Michael "Skeeter" Pilarski shows off what he calls "closed canopy
gardening" - the idea is to reduce the amount of sun that reaches the
soil. You can hardly see the paths. This is an early phse for a
food forest or for agro forestry.

YouTube - paulwheaton12's Channel


----------



## kyfarmer (Feb 22, 2009)

Organic or not, little sun means little harvest period. Forest edges yes they do this in the jungels and have been doing it a lot longer than we have been here plowing fields.


----------



## gypsysue (Mar 27, 2010)

Actually, kyfarmer, the sun is so brilliantly bright up here in Montana in July and August that much of the garden will die without row covers to difuse the sunlight. 

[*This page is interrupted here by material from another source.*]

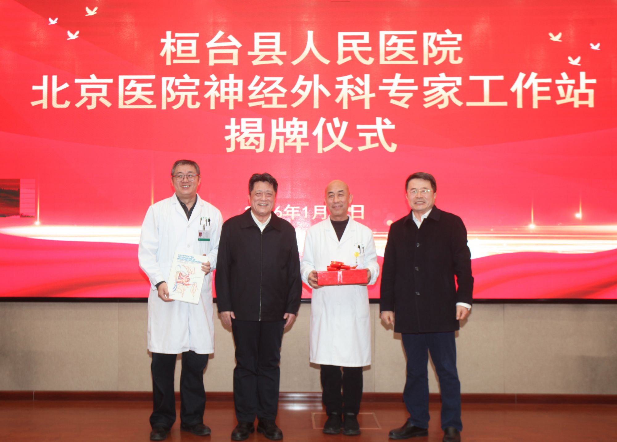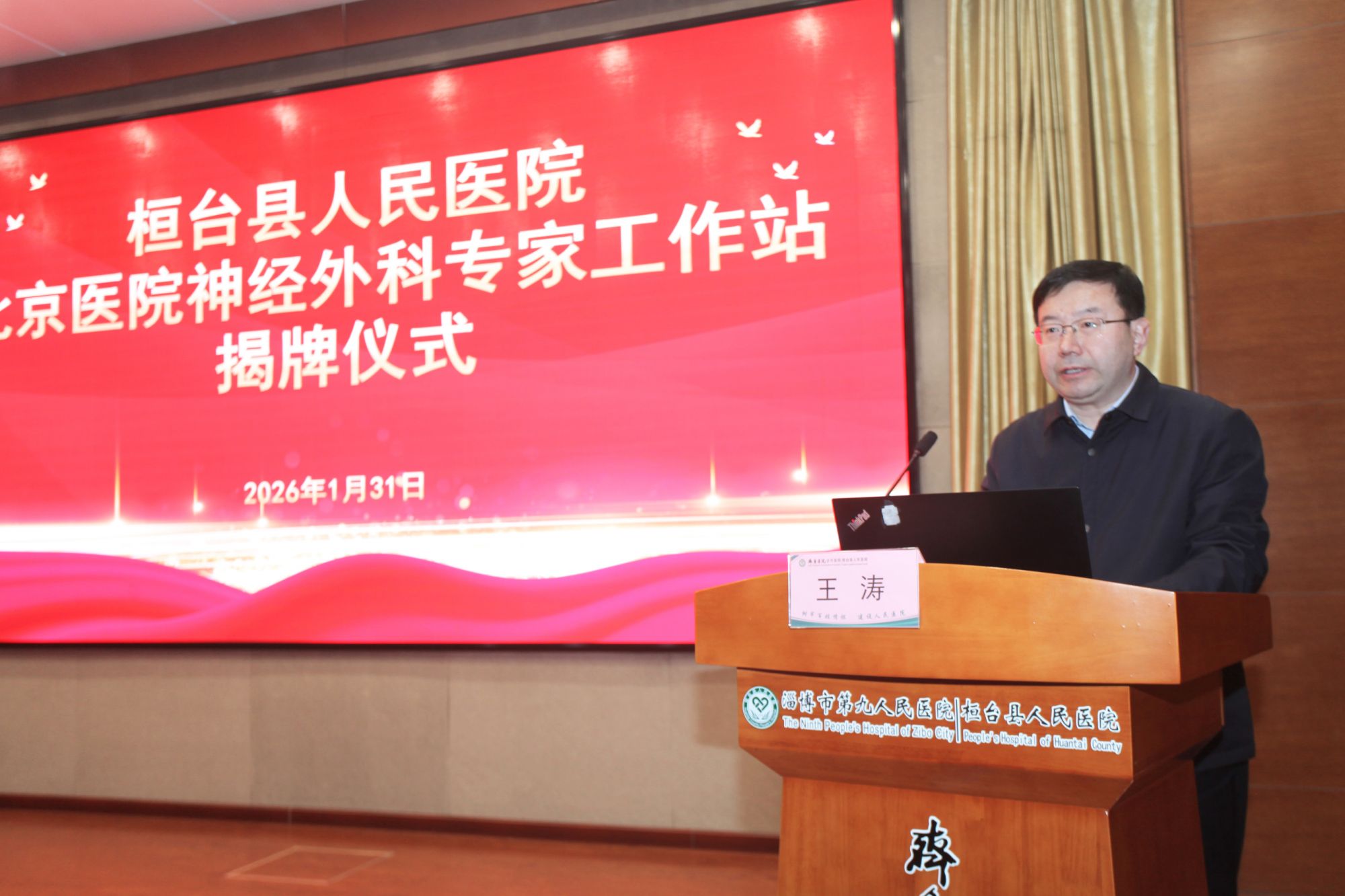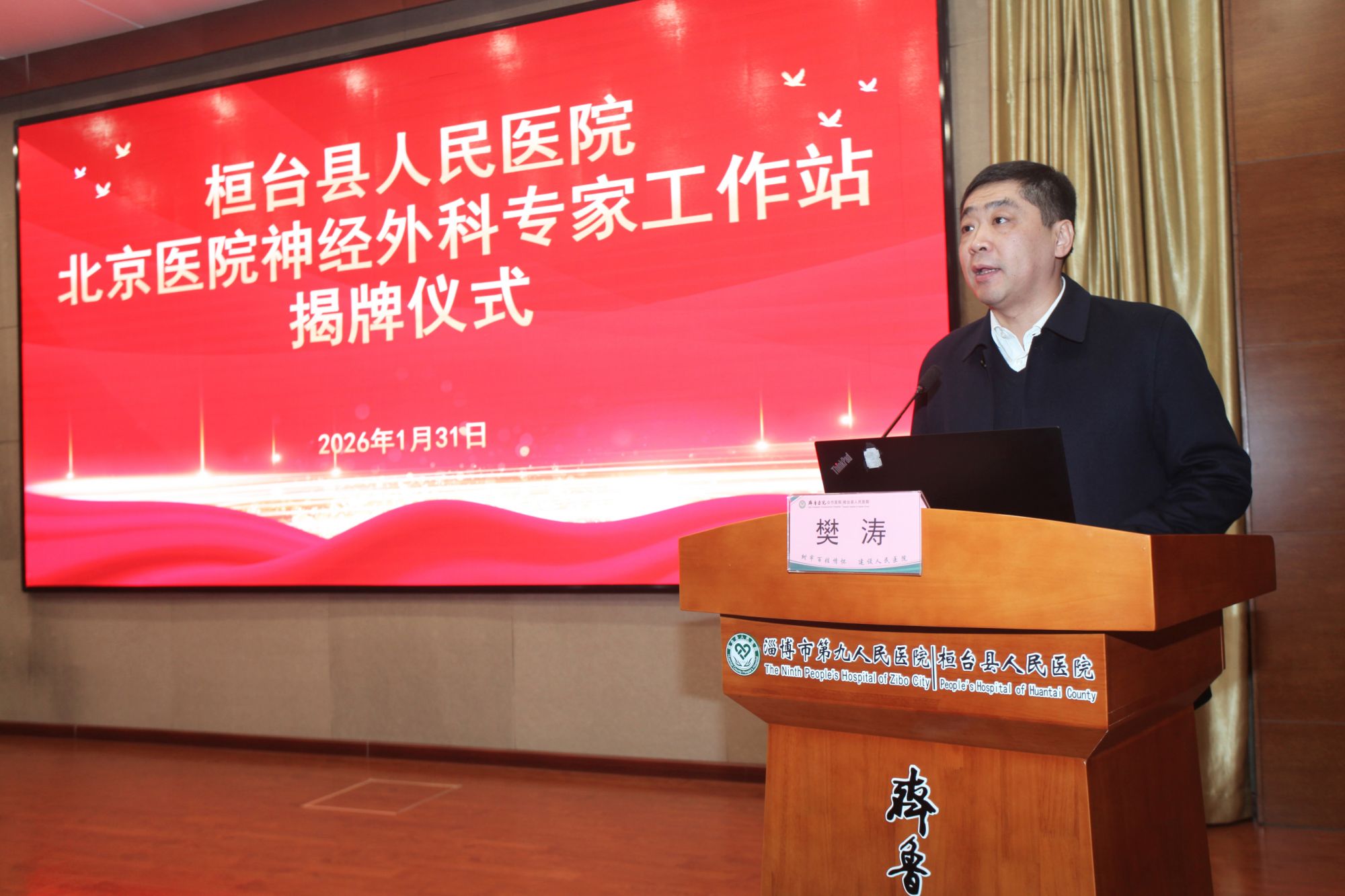 王涛局长主持揭牌仪式 张奎国在致辞中表示,北京医院是一所承载着光荣历史与卓越声誉的医学殿堂,特别是北京医院神经外科作为国家级临床重点专科,以其在神经外科疾病及脑血管病诊治领域的顶尖实力,成为全国同行景仰的研修中心。工作站的成立,必将为医院在临床技术革新、复杂疾病诊疗、科研思维训练乃至管理理念升级上注入为最强劲的、可持续发展的核心动力。医院将以最虚心的态度学习,以最周到服务保障,以最扎实行动对接,确保专家的每一份智慧都能在桓台落地生根,开花结果。相信在专家们悉心帮助指导下,医院神经外科各关键领域必将实现突破性提升,迎来跨越式发展,进一步织密县域人民群众神经系统健康防护网,让桓台及周边地区群众能够享受到国内顶级的神经外科精准诊疗服务。 王长春教授表示,此次在桓台县人民医院设立专家工作站,是推动国家优质医疗资源下沉基层的重要举措。团队将通过技术帮扶、人才培养、远程协作等形式,切实将北京的优质医疗资源带到桓台,提升区域神经疾病诊疗能力,惠及更多群众。同时,依托工作站平台,积极探索跨区域医疗协作创新模式,共同构建高效便民、覆盖基层的医疗服务体系。 樊涛表示,北京医院神经外科专家工作站的成立是桓台县积极对接高端医疗资源、加强名医专家引进工作取得的又一重大突破。他强调,医院要在专家团队的精心指导下,强化专科建设,优化服务流程,培养本土骨干,力争在医疗技术、科研创新、人才培养等方面实现全面跃升,真正把工作站建设成为技术高超、服务优质、群众信赖的品牌专科,大幅提升我县在神经外科等复杂疑难疾病领域的救治水平,切实减轻群众外出求医的负担,让桓台及周边百姓在家门口就能享受到国家级专家的优质医疗服务。 王长春教授、樊涛副县长为“北京医院神经外科专家工作站”揭牌。 王长春教授向医院赠送医疗物品和书籍。 会上,裴傲教授、刘加春教授先后进行学术分享。

Plus, this far north it's light out from about 4:30 AM to about 10:30 PM on our property in the summer. All those hours of extremelty dry (around 10% humidity) sunlight and wind pretty much sucks the life out of plants, even with thick mulch. Tomatoes sunburn and are bleached on one side. Leaves of plants burn white.


----------



## *Andi (Nov 8, 2009)

gypsysue said:


> Actually, kyfarmer, the sun is so brilliantly bright up here in Montana in July and August that much of the garden will die without row covers to difuse the sunlight.
> 
> Plus, this far north it's light out from about 4:30 AM to about 10:30 PM on our property in the summer. All those hours of extremelty dry (around 10% humidity) sunlight and wind pretty much sucks the life out of plants, even with thick mulch. Tomatoes sunburn and are bleached on one side. Leaves of plants burn white.


Live and learn ... I had no clue.

Thanks for sharing.


----------